Govt urged to regulate prices for medical supplies

Insurance groups say price transparency is important as it allows consumers to make informed choices


THE government should set benchmark prices for drugs and pharmaceutical supplies following its announcement to deregulate consultation fees of doctors in private clinics and hospitals, insurance associations say.

Life Insurance Association Malaysia (LIAM), Persatuan Insurans Am Malaysia (PIAM) and Malaysian Takaful Association (MTA) said in a joint statement yesterday that these items are essential to patients and it should be made affordable for them.

They also said price transparency is important as it allows consumers to make informed choices.

“We welcome the ministry’s move to mandate the disclosures of consultation fee up front and we believe that this should be extended to charges of common medical procedures in all private hospitals. This would help the public make informed decisions on the cost of treatment.

“In this regard, private hospitals in Malaysia should publish their actual average costs similar to what is currently practised in some countries,” the statement read.

Last week, Health Minister Datuk Seri Dr Dzulkefly Ahmad announced the Cabinet’s decision to deregulate the fee structures at private healthcares. He said the move would improve consumers’ ability to choose their doctors.

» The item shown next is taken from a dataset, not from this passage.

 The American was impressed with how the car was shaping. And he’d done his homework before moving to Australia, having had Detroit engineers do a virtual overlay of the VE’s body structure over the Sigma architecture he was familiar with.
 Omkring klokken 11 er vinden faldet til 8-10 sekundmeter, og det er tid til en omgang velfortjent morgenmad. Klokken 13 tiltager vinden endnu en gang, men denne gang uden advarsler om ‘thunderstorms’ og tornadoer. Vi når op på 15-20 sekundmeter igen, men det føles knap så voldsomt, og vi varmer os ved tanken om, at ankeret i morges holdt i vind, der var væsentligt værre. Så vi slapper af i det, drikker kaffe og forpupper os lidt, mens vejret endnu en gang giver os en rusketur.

According to Dr Dzulkefly, the Cabinet had assessed the matter thoroughly and took into consideration the recommendations from the National Cost of Living Council.

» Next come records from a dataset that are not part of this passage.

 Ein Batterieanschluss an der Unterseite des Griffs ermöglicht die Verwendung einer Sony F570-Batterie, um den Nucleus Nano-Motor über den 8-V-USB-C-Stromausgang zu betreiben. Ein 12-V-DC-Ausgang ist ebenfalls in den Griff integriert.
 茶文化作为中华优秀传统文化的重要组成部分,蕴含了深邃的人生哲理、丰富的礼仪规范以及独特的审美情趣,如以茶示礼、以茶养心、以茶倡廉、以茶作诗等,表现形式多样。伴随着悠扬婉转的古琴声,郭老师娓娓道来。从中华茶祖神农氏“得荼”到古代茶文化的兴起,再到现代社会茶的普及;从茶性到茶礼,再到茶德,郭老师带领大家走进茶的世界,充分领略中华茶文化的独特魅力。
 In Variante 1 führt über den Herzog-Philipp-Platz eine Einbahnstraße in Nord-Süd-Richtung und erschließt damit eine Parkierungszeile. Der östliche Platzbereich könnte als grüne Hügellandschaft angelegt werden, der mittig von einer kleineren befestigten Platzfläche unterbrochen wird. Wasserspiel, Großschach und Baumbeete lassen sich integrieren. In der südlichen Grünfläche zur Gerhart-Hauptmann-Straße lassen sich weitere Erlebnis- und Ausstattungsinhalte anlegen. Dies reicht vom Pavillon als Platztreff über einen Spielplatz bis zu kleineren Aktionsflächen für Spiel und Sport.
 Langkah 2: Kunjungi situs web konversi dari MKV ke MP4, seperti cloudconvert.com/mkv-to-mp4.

Subsequently, on Monday, he said the ministry will engage with all stakeholders and gather their feedback over the move after various parties expressed concerns over possible hike in costs due to deregulation.

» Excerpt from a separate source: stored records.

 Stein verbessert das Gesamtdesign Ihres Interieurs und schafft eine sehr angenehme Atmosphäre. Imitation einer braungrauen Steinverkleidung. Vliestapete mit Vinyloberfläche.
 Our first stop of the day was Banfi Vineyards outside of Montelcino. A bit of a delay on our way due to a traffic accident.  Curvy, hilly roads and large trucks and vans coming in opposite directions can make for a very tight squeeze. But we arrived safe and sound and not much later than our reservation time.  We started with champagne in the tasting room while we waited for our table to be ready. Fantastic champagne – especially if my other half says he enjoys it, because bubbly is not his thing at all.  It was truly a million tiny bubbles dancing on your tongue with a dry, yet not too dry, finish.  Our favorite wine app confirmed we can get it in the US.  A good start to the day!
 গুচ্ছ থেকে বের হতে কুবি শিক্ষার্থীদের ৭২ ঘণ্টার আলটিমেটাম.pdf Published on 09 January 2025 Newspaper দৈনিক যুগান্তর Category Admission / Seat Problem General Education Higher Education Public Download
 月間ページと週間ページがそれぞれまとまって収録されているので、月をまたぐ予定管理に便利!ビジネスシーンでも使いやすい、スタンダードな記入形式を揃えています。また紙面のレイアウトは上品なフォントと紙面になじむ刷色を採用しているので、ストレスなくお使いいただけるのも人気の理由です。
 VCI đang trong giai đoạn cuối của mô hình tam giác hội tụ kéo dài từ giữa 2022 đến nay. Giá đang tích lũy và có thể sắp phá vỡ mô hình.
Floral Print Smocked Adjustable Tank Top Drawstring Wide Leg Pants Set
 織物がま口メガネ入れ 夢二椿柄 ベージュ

The current doctor’s charges for inpatient stays for non-surgical and surgical treatments are about 20% and 35% respectively.

The insurance associations further said that transparency in medical charges will encourage competition and help control prices in the long term.

The joint statement also cited Willis Towers Watson’s “2019 Global Medical Trends Survey Report” which revealed that Malaysia is among the highest in the region in terms of medical cost with 13.1% expected increase.

“If healthcare costs are not contained, increase in premiums for medical and health insurance will be inevitable.

“If medical insurance is no longer affordable, it will drive more patients to seek treatment at government hospitals. For self-paying patients, it will cost them more to seek treatment at private clinics and hospitals,” it added.